I would pay to see that


----------



## Thelegend (Nov 2, 2009)

........not good news to me. that would mean the free fights on network tv would essentially be over and done with. once sf sees ppv money they will def not be giving any good free fights like right now.


----------



## BobbyCooper (Oct 26, 2009)

It better bloody be Overeem.. :angry04:


----------



## box (Oct 15, 2006)

Nick Diaz vs Mayhem would get my money alone, I just wanna see that, even though theres no real hate between the two, the skills between them clash so well.


----------



## TLC (Apr 5, 2010)

SF doing a PPV is long overdue. Seriously, the WEC did a PPV before them.


----------



## Mirage445 (Dec 20, 2006)

box said:


> Nick Diaz vs Mayhem would get my money alone, I just wanna see that, even though theres no real hate between the two, the skills between them clash so well.


Agreed, my 2 fav fighters going to war.

I'd really want to see it go to the ground since Diaz has some nice subs, and miller is damn near un-submittable.

I think Diaz would win in the stand up.


----------



## limba (Jul 21, 2009)

box said:


> If its not Overeem, the Fedor saga is over. To pay for a strikeforce ppv, it better have Mayhem, Diaz, Smith, Lawler, rogers, overeem and fedor.


This :thumbsup:


----------



## kantowrestler (Jun 6, 2009)

*Opponent*

It probably will be against Overeem for the title!


----------



## The_Senator (Jun 5, 2008)

I have no doubt in Fedor's ability to finish Werdum, with Alistair it's going to be more difficult. If Fedor beats them both, then he will basically run out of competition, who is he going to fight after that, Barnett in DREAM? Strikeforce has no one else to offer. All roads lead to the UFC This stupid M-1 always finds a way to spoil everything for the fans, especially in case if Fedor literally knocks Werdum and Overeem unconscious. Still can't bring myself to believe that Fedor will ever end up in UFC when he owns part of that organization. It's like expecting GM executive to drive Toyota, makes no sense...


----------



## kantowrestler (Jun 6, 2009)

*To the UFC*

Yeah at least he'll be the Strikeforce Heavyweight Champion before he leaves Strikeforce!


----------



## rockybalboa25 (May 27, 2007)

M1 global will find a way to make sure you don't get to see Overeem vs Fedor anytime soon.


----------



## kantowrestler (Jun 6, 2009)

*Delay*

Now what will they think of?


----------



## BobbyCooper (Oct 26, 2009)

rockybalboa25 said:


> M1 global will find a way to make sure you don't get to see Overeem vs Fedor anytime soon.

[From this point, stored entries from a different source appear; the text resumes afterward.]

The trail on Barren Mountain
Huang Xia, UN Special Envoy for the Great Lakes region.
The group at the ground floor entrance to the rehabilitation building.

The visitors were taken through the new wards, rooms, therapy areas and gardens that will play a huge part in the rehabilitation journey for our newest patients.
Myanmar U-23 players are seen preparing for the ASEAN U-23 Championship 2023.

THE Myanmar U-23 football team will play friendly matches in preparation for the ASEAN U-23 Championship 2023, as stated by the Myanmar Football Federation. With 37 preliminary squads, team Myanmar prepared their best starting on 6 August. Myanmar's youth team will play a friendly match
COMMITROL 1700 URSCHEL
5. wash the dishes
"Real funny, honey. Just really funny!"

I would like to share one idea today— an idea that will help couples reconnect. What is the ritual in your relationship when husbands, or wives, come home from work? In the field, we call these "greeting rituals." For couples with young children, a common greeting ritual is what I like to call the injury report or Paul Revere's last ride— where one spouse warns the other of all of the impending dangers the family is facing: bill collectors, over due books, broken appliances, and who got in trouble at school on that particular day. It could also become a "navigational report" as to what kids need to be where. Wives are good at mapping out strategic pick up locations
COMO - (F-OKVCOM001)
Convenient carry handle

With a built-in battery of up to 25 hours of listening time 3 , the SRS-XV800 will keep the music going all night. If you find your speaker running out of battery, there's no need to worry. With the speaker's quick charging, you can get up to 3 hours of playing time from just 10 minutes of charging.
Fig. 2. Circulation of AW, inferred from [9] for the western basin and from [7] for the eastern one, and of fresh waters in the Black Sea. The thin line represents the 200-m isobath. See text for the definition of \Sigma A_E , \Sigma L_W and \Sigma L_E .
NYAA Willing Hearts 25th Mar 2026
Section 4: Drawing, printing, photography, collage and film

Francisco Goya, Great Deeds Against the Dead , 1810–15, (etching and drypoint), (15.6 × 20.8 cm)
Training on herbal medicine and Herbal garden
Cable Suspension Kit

they will find a way.. trust me!

I give the fight 30% now that it will happen. Ahh scruu that, I make it 20^^


----------



## rockybalboa25 (May 27, 2007)

kantowrestler said:


> Now what will they think of?


Overeem will have to get a M1 Global tatoo on his forhead in order to the fight to happen. Also M1 global will have to recieve 90% of all PPV proceeds.


----------



## kantowrestler (Jun 6, 2009)

*Tattoo*

They won't make any such demands and the PPV proceeds will probably go 50/50!


----------



## Rusko (Feb 4, 2010)

Man, I have just watched a russian doc about fedor, ******* sweet. Watched few fights also and man I hate to say how fedor slowed down if you look at his fights five years ago for example with Ogawa his hands were lighting speed and perfect balance.


----------



## rockybalboa25 (May 27, 2007)

kantowrestler said:


> They won't make any such demands and the PPV proceeds will probably go 50/50!


So with 1 fighter on the card they deserve 50%?:confused02:


----------



## kantowrestler (Jun 6, 2009)

*Slow*

He is still a legend though!


----------



## rockybalboa25 (May 27, 2007)

kantowrestler said:


> He is still a legend though!


So, the company and the rest of the fighters have to suffer?:confused02: This is why M1 global is a terrible company to work with. They don't care if they put a company in a bad financial state. They will simply take their fighter to another company and drive them out of business.


----------



## kantowrestler (Jun 6, 2009)

*M-1*

Yeah but obviously Strikeforce was willing to take the risk!


----------



## rockybalboa25 (May 27, 2007)

kantowrestler said:


> Yeah but obviously Strikeforce was willing to take the risk!


So was rings, Pride, Bodog, and Affliction. :thumb02: I know that Fedor didn't bring those down by himself, but he sure didn't help.


----------



## kantowrestler (Jun 6, 2009)

*Others*

Rings and PRIDE fell through for other reasons and I don't think BodogFight copromoted with M-1 cause at the time Fedor wasn't with them!


----------